Many observers say they do not expect to see significant progress until next year, after the U.S. presidential election this November and South Korea’s in December.

A key point of contention is pyroprocessing, a spent fuel treatment process that South Korea is developing and says is significantly more proliferation resistant than conventional reprocessing. A U.S. official has publicly disagreed with that claim, saying that pyroprocessing is reprocessing. (See ACT, April 2011.)

The current U.S.-South Korean pact gives the United States a strong say in South Korean reprocessing of U.S.-origin fuel. Seoul wants the new agreement to give it a freer hand in activities such as pyroprocessing.

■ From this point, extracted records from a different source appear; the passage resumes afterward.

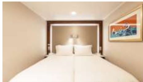
พัก 1-2 ท่าน

From 13 - 14 sq.m Max Occupancy 2-4 + Deck 5/8/9/10/11/12/13/15 2 Single Beds / 2 Single Beds + 1 Ceiling Pullman Bed / 1 Single Bed + 1 Pullman Bed + 1 Double Sofa Bed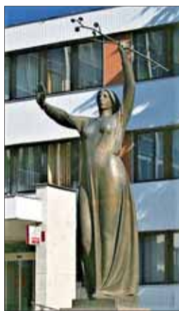
Bronzová plastika Zelená životu, Vranov nad Topľou, detail.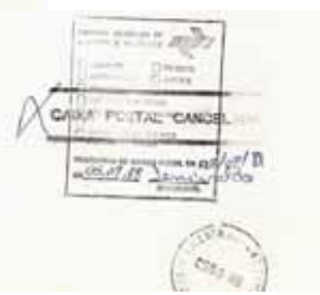
figura 9A Verso parcial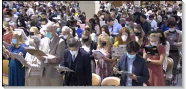
▲二〇二二年國殤節特會於美國加州安那翰舉行

第二篇信息論到『兩棵樹與兩種生活的原則』。創世記二章九節的兩棵樹——生命樹與善惡知識樹——代表兩種生活的原則，這兩棵樹表明基督徒能憑著兩種不同的原則——是非的原則或生命的原則——而生活。當我們接受主耶穌，得著新的生命之後，我們多了一個生活的原則——生命的原則。我們如果不知道，就會把生命的原則擺在一邊，而跟從是非的原則。所以，基督徒不是問事情對或不對，乃是在作事時，問問裏面的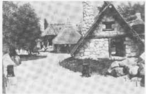
Gallialaiskylä, jossa voi kävellä ja katsella majoissaan mekaanisesti byöriviä sankareita.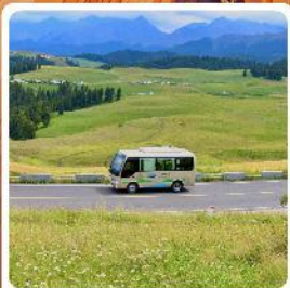
ทุ่งหญ้าเจียนปูลาเค่อ

In an attempt to sidestep the disagreement over pyroprocessing or at least prevent it from holding up renewal of the expiring accord, the two countries agreed to conduct a joint fuel-cycle study; work on it began last year.

In an Aug. 20 e-mail to Arms Control Today, a State Department official said the purpose of the study is to “assess the technical and economic feasibility and nonproliferation aspects of spent fuel management options, including electrochemical recycling, otherwise known as pyroprocessing.”

The study, which is slated to take 10 years, includes three phases, the official said. “Questions on how to proceed on spent fuel management options will be addressed once the study is completed,” the official said.

A South Korean nuclear policy observer said the key issue in the study is whether pyroprocessing can be safeguarded. He made the comment during an Aug. 22 joint interview with other South Korean nongovernmental experts who are following the agreement negotiations closely.

If successfully developed, pyroprocessing could “serve as a better alternative to [conventional reprocessing] for future global spent fuel management needs,” he said.

Enrichment also is an issue in the South Korean-U.S. talks. The U.S. government, other governments, and nonproliferation advocates have been arguing for a system of fuel supply assurances to help dissuade countries from pursuing their own enrichment programs.

In the joint interview, however, the South Korean experts said a domestic enrichment capacity would provide greater assurance. Also, they argued, many of the countries that are the target of the fuel supply assurances have power programs of a limited size and therefore do not have an economic justification for a domestic enrichment program.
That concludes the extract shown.